Session Information
Date: Sunday, November 5, 2017
Session Type: ACR Poster Session A
Session Time: 9:00AM-11:00AM
Background/Purpose:
To study the prevalence of occult hepatitis B carrier status and its associated factors in patients with rheumatic diseases undergoing biological therapies
Methods:
Consecutive adult patients with various rheumatic diseases who were currently receiving biological therapies between November 2016 and April 2017 were recruited in this cross-sectional study. Blood was taken for evidence of hepatitis B infection (HBsAg, anti-HBs, anti-HBc-IgG). For patients tested positive for HBsAg or anti-HBc-IgG, assay of serum HBV-DNA level was also performed. Occult hepatitis B carrier was defined as patients who were HBsAg negative but anti-HBc-IgG positive. Logistic regression was performed to study factors independently associated with occult hepatitis B carrier status in these patients.
Results:
310 Chinese patients were studied (60% women, age at biological therapy 44.0±13.0 years). The underlying rheumatic diseases requiring biological therapies were rheumatoid arthritis (46%), spondyloarthritis (31%), psoriatic arthritis (12%) and systemic lupus erythematosus (8.1%). The biologics being used were the TNF inhibitors (66%), tocilizumab (16%), abatacept (2.9%), rituximab (7.7%), belimumab (5.8%) and tofactinib (1.3%). Hepatitis B carrier (HBsAg+) status was detected in 11 (3.5%) patients and they were all put on preemptive anti-viral therapy (entecavir).
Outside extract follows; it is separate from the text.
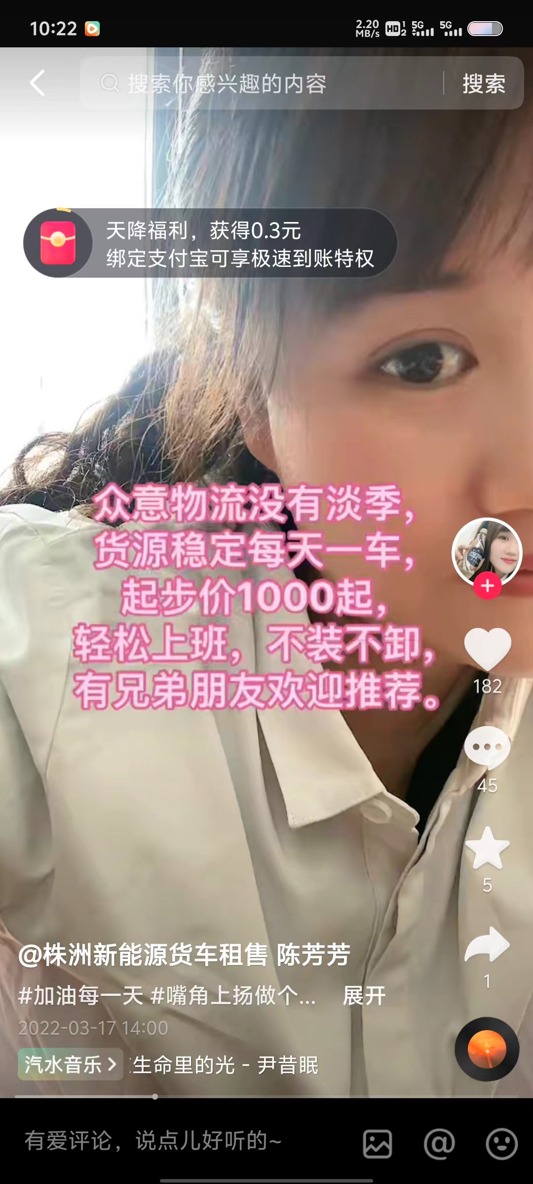 3月17日,抖音平台名为“株洲新能源货车租售·陈芳芳”的账号仍在发布众意公司广告。 抖音截图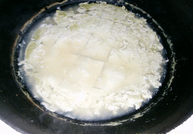 今天的豆浆多,只得在灶上用柴锅来做了。我先把火烧起来,然后我把磨好的浆倒入锅中开始煮,煮沸之后,又舀起来装在一个布袋子中沥,豆浆流出来,豆渣就剩在口袋里了。 再把沥出来的豆浆倒入锅中继续煮,煮沸之后,在妈妈的指导下,我开始用石膏水点豆花了,这是最关键的一步,石膏需放得均匀,边放边搅,搅匀之后就用小火慢慢煮,直到豆腐成型,就算做成了。

A total of 105 patients (34%) were occult hepatitis B carriers (HBsAg- but anti-HBc-IgG+). Anti-HBs was present in 83/105 (79%) of these patients. Occult hepatitis B carriers were significantly older than the non-carriers (49.9±11.1 vs 40.9±13.3 years; p<0.001), and were more frequently identified in rheumatoid arthritis than other rheumatic diseases (45% vs 25%; p<0.001). However, there was no gender difference in the prevalence of the occult hepatitis B carrier status (37% in women vs 28% in men; p=0.10). Logistic regression revealed that older age (RR 1.05[1.03-1.08] per year; p<0.001) was the only independent factor significantly associated with occult hepatitis B infection. Rheumatoid arthritis was not significantly associated with occult hepatitis B carrier status after adjustment for age and sex. Of the occult hepatitis B carriers, 9 (8.6%) had detectable HBV-DNA levels but all were very low titers (<100IU/ml). Five (56%) patients with detectable HBV-DNA levels received entecavir treatment during biological therapies, while 19 (20%) patients without detectable HBV-DNA were put on preemptive entecavir treatment (including all patients who were receiving rituximab). None of the overt (HBsAg+) or occult hepatitis B (HBsAg- anti-HBc-IgG+) carrier patients developed clinical reactivation of hepatitis B during a mean of 5.0±3.7 years of biological therapies.
Conclusion:
Occult hepatitis B carrier status was present in one-third of Hong Kong Chinese patients with various rheumatic diseases undergoing biological therapies. Older age was the only independent factor associated with occult hepatitis B infection. Despite the relatively low rate of preemptive anti-viral treatment in these patients, clinical reactivation of hepatitis B was not reported over 5 years of biological therapies.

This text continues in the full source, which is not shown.